Wash Solution (Wash Method)

Component Method 1 Method 2 Method 3 Method 4
10X Assay Buffer 1mL 1mL 1mL 1mL
TRS* - 200μL - 200μL
Probenecid Solution - - 200μL 200μL
Water 9mL 8.8mL 8.8mL 8.6mL
Total 10mL 10mL 10mL 10mL

*TRS contains a membrane-impermeant dye useful for masking extracellular fluorescence. Caution is advised when using TRS or other extracellular masking solutions as they may have undesirable effects on assay performance for the target of interest.

Potassium Ion Stimulus Solution (Wash Method)
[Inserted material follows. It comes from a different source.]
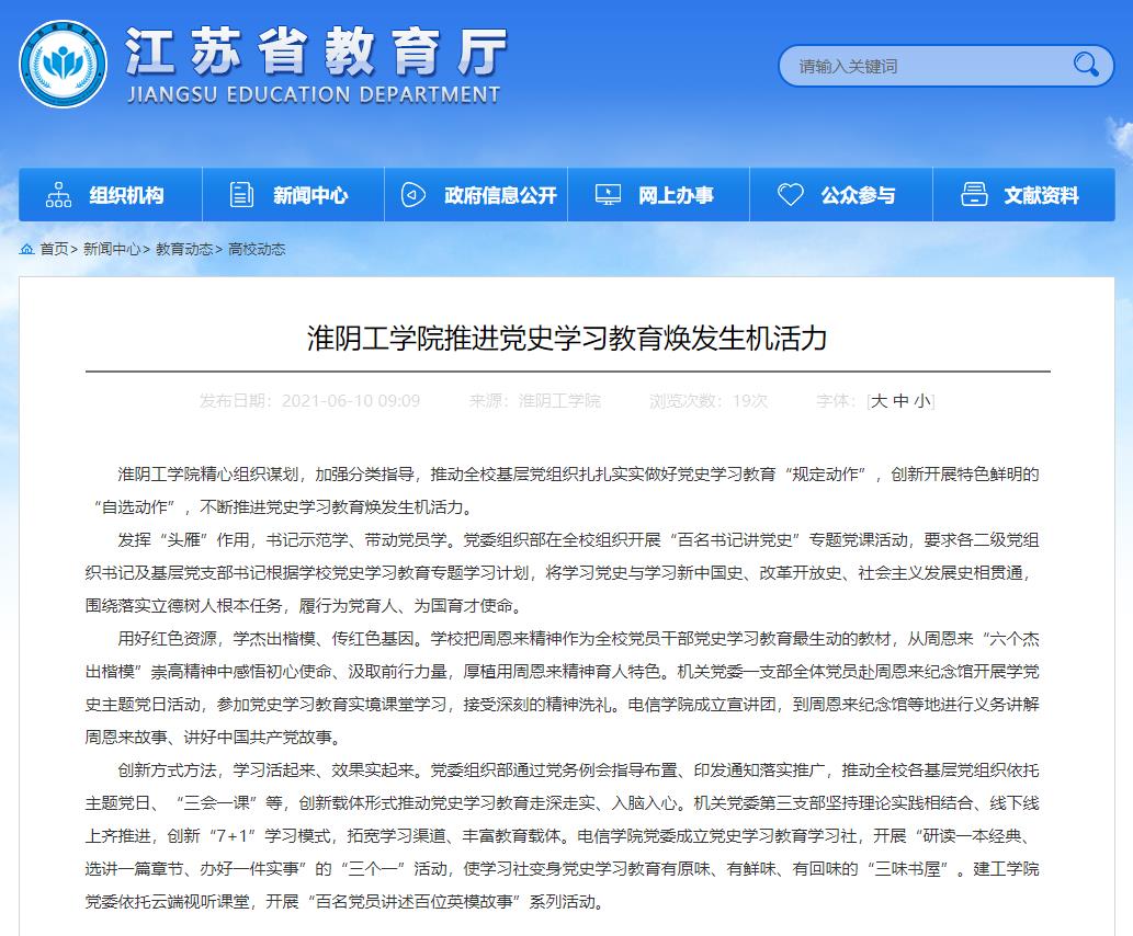淮阴工学院精心组织谋划,加强分类指导,推动全校基层党组织扎扎实实做好党史学习教育“规定动作”,创新开展特色鲜明的“自选动作”,不断推进党史学习教育焕发生机活力。

Component Method 1 Method 2
10X Chloride-Free Stimulus Buffer 1mL 0.5 mL
10X High-Potassium Stimulus Buffer - 0.5 mL
Thallium Sulfate Solution (50 mM) 0.5 mL 0.5 mL
Water 8.5 mL 8.5 mL
Total 10 mL 10 mL

*The above table provides two examples of Potassium Ion Stimulus solutions useful for many types of non-voltage-gated and voltage- gated monovalent cation channels and transporters. Elevation of extracellular potassium (Method 2) may provide superior results for some voltage-gated channels. The concentration of Potassium Ion in the stimulus solution may be varied to achieve the desired result. The final Potassium Ion concentration in the cell-containing microplate post-potassium Ion stimulus buffer addition should not exceed 4.8 mM due to the ~ 5 mM solubility limit of thallium in chloride-containing solutions.
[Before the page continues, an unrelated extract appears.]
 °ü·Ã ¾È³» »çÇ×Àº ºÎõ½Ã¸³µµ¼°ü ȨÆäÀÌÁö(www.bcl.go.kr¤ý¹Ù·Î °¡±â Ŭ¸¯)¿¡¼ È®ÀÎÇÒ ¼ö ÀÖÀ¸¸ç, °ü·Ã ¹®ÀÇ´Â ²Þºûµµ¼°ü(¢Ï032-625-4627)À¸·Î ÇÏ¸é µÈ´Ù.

No-wash Method — Adherent Cells

  1. Add 20 μL DMSO to the tube containing Potassium Ion Channel indicator.
  2. Vortex until the Vortex until Potassium Ion Reagent is fully dissolved.
  3. Add appropriate volume of water (Table 4) to a 15 mL centrifuge tube.
  4. Add 1 mL of 10X Assay Buffer to tube from step 3.
  5. Add 400 μL of Dye Solvent to the tube from step 4.
  6. Add 400 μL of TRS to the tube from step 5.
  7. If desired add 400 μL of Probenecid Solution to the tube from step 6.
  8. Add 20 μL of GenieHTS Potassium Ion Indicator Solution from step 2 to the tube from step 7.
  9. Briefly vortex the tube from step 8 to mix.
  10. Add 20 μL per well of the Dye Loading Solution from step 9 to the cell-containing microplate. Do not remove the cell culture medium.
  11. Incubate the microplate containing the cells and Dye Loading Solution for 1 hour at 37°C in a cell culture incubator.
  12. Prepare Potassium Stimulus Solution in a 15 mL centrifuge tube by adding the appropriate amounts of water, 10X Stimulus Buffer and Thallium Sulfate Solution as shown in Table 6*.
  13. Briefly vortex the tube from step 12 to mix.
  14. Add 20 μL per well of the Potassium Stimulus Solution from step 13 to an empty 384-well microplate.
  15. Transfer the dye-loaded, cell-containing microplate from step 11 and the Potassium Stimulus Solution microplate from step 14 to a kinetic-imaging plate reader (e.g. WaveFront Panoptic, Hamamatsu FDSS, Molecular Devices FLIPR or Molecular Devices FlexStation).
  16. Acquire data using an excitation wavelength of ~490 nm, an emission wavelength of ~520 nm and an acquisition frequency of 1 Hz. Begin data acquisition and after 10 seconds add 10 μL of the Potassium Stimulus Solution to the cell- containing plate and continue data acquisition for an additional 90 seconds**.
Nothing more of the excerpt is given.